他の実施形態において、本発明の方法およびシステムにより、名目投薬量の実質的に全部のコルチコステロイドが、慣用的な吸入型コルチコステロイド療法よりも有意に短い時間で送達され得る。例えば、Pari LC Plusジェットネブライザによって投与されるPulmicort(登録商標)Respulesの噴霧化時間は、少なくとも5分〜8分かかり、場合によっては10分を超える。対照的に、本発明の方法およびシステムでは、名目投薬量のコルチコステロイド(ブデソニドなど)が、約5分未満〜約1.5分未満の送達時間において送達され得る。一部の実施形態において、名目投薬量の実質的に全部が約5分間で送達され得る。他の実施形態において、名目投薬量の実質的に全部が約5分未満で送達され得る。特定の実施形態において、名目投薬量の実質的に全部が約4.5分間で送達され得る。他の特定の実施形態において、名目投薬量の実質的に全部が約4.5分(than)未満で送達され得る。さらに他の実施形態において、名目投薬量の実質的に全部が約4分間で送達され得る。また他の実施形態において、名目投薬量の実質的に全部が約4分未満で送達され得る。さらにまた他の実施形態において、名目投薬量の実質的に全部が約3.5分間で送達され得る。他の実施形態において、名目投薬量の実質的に全部が約3.5分未満で送達され得る。またさらに他の実施形態において、名目投薬量の実質的に全部が約3分間で送達され得る。他の実施形態において、名目投薬量の実質的に全部が約3分未満で送達され得る。特定の実施形態において、名目投薬量の実質的に全部が約2.5分間で送達され得る。他の特定の実施形態において、名目投薬量の実質的に全部が約2.5分未満で送達され得る。さらに他の実施形態において、名目投薬量の実質的に全部が約2分間で送達され得る。またさらに他の実施形態において、名目投薬量の実質的に全部が約2分未満で送達され得る。好ましい一実施形態において、名目投薬量の実質的に全部が約1.5分間で送達され得る。より好ましい一実施形態において、名目投薬量の実質的に全部が約1.5分未満で送達され得る。

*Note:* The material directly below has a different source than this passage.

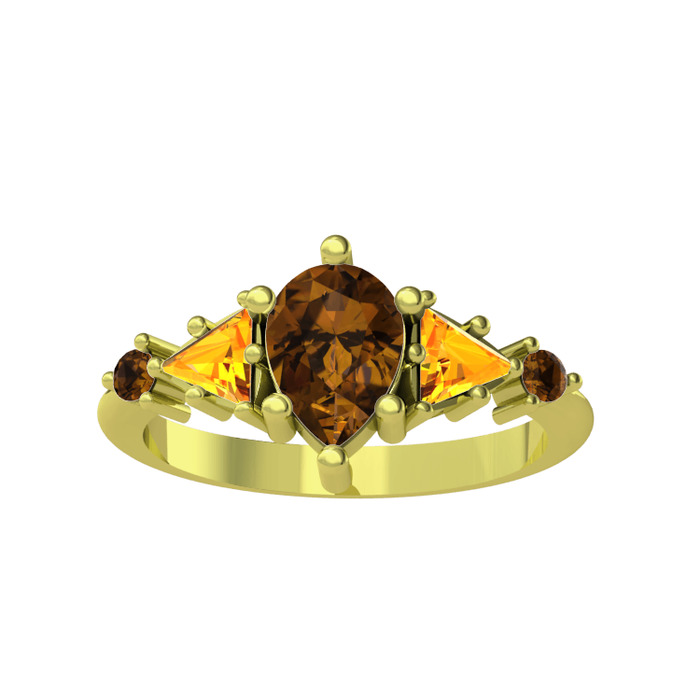 Dumanlı kuvars ve sitrin 925 ayar altın kaplama gümüş yüzük

他の特定の実施形態において、本発明の方法およびシステムにより、治療有効量のコルチコステロイドが、慣用的な吸入型コルチコステロイド療法よりも少ない容量を含む単位用量で送達され得る。例えば、本発明のシステムおよび方法により、水性吸入混合物の容量が約0.5ml〜5ml未満のとき、治療有効量のコルチコステロイド(ブデソニドなど)が送達され得る。一部の実施形態において、水性吸入混合物の容量は約3.5mlであり得る(can)。他の実施形態において、水性吸入混合物の容量は約3.0mlであり得る。さらに他の実施形態において、水性吸入混合物の容量は約2.5mlであり得る。また他の実施形態において、水性吸入混合物の容量約2.0mlであり得る。特定の実施形態において、水性吸入混合物の容量は約1.5mlであり得る。他の特定の実施形態において、水性吸入混合物の容量は約1.0mlであり得る。好ましい一実施形態において、水性吸入混合物の容量は約0.5mlであり得る。

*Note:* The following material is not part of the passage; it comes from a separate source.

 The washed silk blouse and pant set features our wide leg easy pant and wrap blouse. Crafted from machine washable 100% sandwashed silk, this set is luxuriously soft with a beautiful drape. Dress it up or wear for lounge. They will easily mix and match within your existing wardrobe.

本明細書に記載の方法およびシステムの態様には、本発明によってもたらされる利点の任意の1つ以上または全部を含むものであり得、さらなる実施形態は、本発明の範囲内であることを理解されたい。例えば、本明細書に記載の方法およびシステムは、を約60μg/用量の名目投薬量のコルチコステロイドおよび溶解度向上剤を含む水性吸入混合物を、吸入混合物容量約0.5mlで、吸入型ネブライザにより提供するものであり得、ここで、該ネブライザによる該コルチコステロイド含有水性混合物の送達は約2分未満であり、該ネブライザによる該コルチコステロイド含有水性吸入混合物の送達により、Cmaxが、約100μg/用量未満の名目投薬量のコルチコステロイドを含む水性吸入混合物が、コルチコステロイドを含む吸入可能な懸濁物の名目投薬量の約60%である場合の該コルチコステロイドを含む吸入可能な懸濁物のCmaxに等しくなるようなコルチコステロイドの薬物動態学的プロフィールの向上がもたらされる。上記の実施形態は、数多くの態様または異形を含む本発明の一実施形態の単なる一例であり、なんら本発明の範囲を限定することを意図しない。

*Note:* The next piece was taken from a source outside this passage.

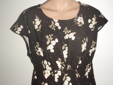 Haljina sa ružama – veličina M - Crna podloga sa belim cvetnim (ružama) printom - V-izrez - Dugi rukavi - Struk naglašen kaišićem/vezicom u istoj šari - Donji deo blago naboran, A-kroja, sa faltam...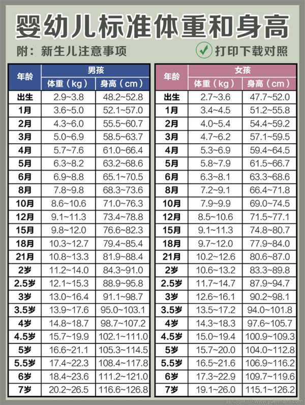 新生儿体重多少算正常?附婴幼儿标准体重对照表

A.薬物動態学的プロフィールの向上を示すコルチコステロイドの送達
本発明はまた、ある名目投薬量のコルチコステロイドおよび溶解度向上剤を含む水性吸入混合物を提供すること、ならびに該水性吸入混合物を吸入ネブライザにより送達することを含む、患者の気管支収縮性障害の処置または予防のための方法またはシステムが提供され得る。このような実施形態において、該方法は、同じ条件下で投与される懸濁物系コルチコステロイド製剤と比べて、薬物動態学的プロフィールの向上を示すコルチコステロイドの送達を提供するものであり得る。
本発明はまた、ある名目投薬量のコルチコステロイドおよび溶解度向上剤を含む水性吸入混合物を提供すること、ならびに該水性吸入混合物を吸入ネブライザにより送達することを含む、患者の気管支収縮性障害の処置または予防のための方法またはシステムが提供され得る。このような実施形態において、該方法は、同じ条件下で投与される懸濁物系コルチコステロイド製剤と比べて、薬物動態学的プロフィールの向上を示すコルチコステロイドの送達を提供するものであり得る。
特定の実施形態において、本発明の方法およびシステムは、特定の実施形態において、(a)ある名目投薬量のコルチコステロイドおよび溶解度向上剤を含む水性吸入混合物を提供すること、ならびに(b)コルチコステロイドを含む水性吸入混合物をネブライザにより送達することを含む、気管支収縮性障害の、その処置を必要とする患者における処置または予防であって、該方法およびシステムにより、同じ条件下で投与されるある名目投薬量のコルチコステロイド(例えば、Pulmicort Respules(登録商標))を含む吸入可能な懸濁物の薬物動態学的プロフィールと比べて、該ある名目投薬量のコルチコステロイドを含む水性吸入混合物の少なくとも2倍の薬物動態学的プロフィールの向上がもたらされる処置または予防を提供するものであり得る。一部の実施形態において、吸入可能な水性混合物により、有意に少ない名目投薬量を用いても、慣用的なコルチコステロイドを含む吸入可能な懸濁物と比べて、コルチコステロイドについて実質的に相当するバイオアベイラビリティが示され得る。他の実施形態において、吸入可能な水性混合物により、同じ名目投薬量で送達された場合、慣用的なコルチコステロイドを含む吸入可能な懸濁物と比べて、コルチコステロイドのバイオアベイラビリティの増大が示され得る。特定の実施形態において、吸入可能な懸濁物中のコルチコステロイドの名目投薬量(nominal dosage the corticosteroid)に対する水性吸入混合物中のコルチコステロイドの名目投薬量の比は、約0.01:1〜約1:100である。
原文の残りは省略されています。